» RECORD EXTRACTS

%%

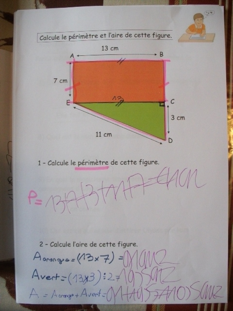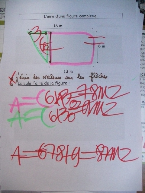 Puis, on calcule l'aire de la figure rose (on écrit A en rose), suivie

%%
%%

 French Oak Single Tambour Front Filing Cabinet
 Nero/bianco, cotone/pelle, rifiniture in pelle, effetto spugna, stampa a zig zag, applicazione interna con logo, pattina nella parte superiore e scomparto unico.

%%
%%

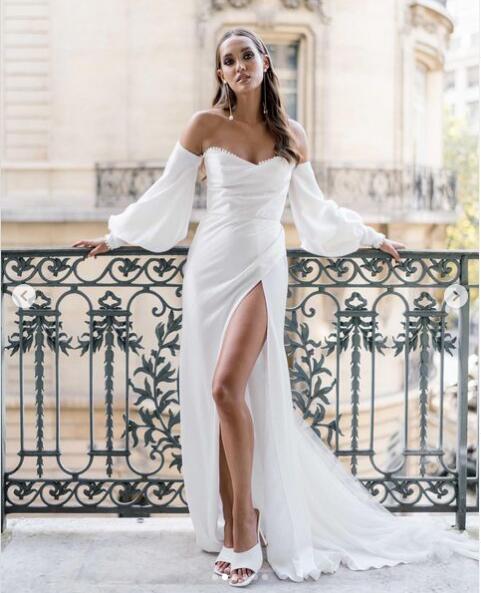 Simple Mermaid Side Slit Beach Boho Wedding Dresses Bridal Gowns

%%

» BRIEF
Return, with no change at all, every line in the entries above from the line containing "French Oak Single" through the line containing "Nero/bianco, cotone/pelle, rifiniture".

» OUTPUT OF THE EXERCISE
 French Oak Single Tambour Front Filing Cabinet
 Nero/bianco, cotone/pelle, rifiniture in pelle, effetto spugna, stampa a zig zag, applicazione interna con logo, pattina nella parte superiore e scomparto unico.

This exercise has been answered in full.